The government of Uganda is clamping down on opposition forces of Bobi Wine and Kizza Besigye, who allegedly are discussing to join forces to oust current long-term president Museveni. The use of tear gas and rubber bullets is a long-running trend, and has become almost standard treatment of police towards critics. At the end of April 2019, Wine got arrested for escaping preventive house arrest. Two weeks later, a Ugandan court granted him bail.

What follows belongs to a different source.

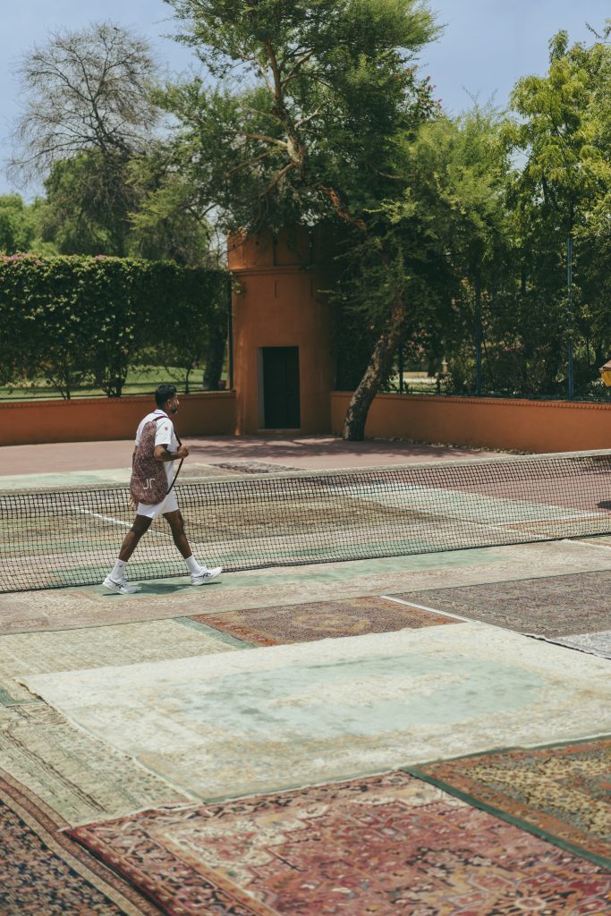 Jaipur Rugs presents Court of Carpets, recreating its 2024 campaign with tennis player Rohan Bopanna. The installation features a carpeted court with a knitted yarn net, tennis balls of New Zealand wool, and rackets strung with bamboo silk, connecting the craftsmanship of its 40,000 artisans (85% female) with contemporary culture.​

Wine, who has a huge support base, especially among Uganda’s youth, stated that Museveni has switched tactics to silence him. “All the music sound service providers, stage service providers, music promoters have been ordered not to work with me… the regime is trying to attack me from multiple fronts.” Reuters reported that security forces cancelled 124 of his concerts since he joined parliament in 2017

Lately, however, the opposition has taken another turn. Besigye called on his supporters to rise up like the protesters in Sudan rather than wait for the next election in 2021. Besigye has tried to defeat Museveni through the ballot box four times without result. In the 2001 and 2006 elections, the Supreme Court cited significant irregularities, but still uphold the results. In an interview with African Arguments, Wine agrees that a Sudan-style uprising is necessary, but he falls short of calling for it outright because of the different context. In Uganda, protest movement need to figure out how to bridge certain divides, between middle class and urban underclass, between urban and rural, between tribes, and between the north and the south. Additionally, Uganda still receives unrelenting support from western donors, something Sudan could not rely upon in its time of crisis.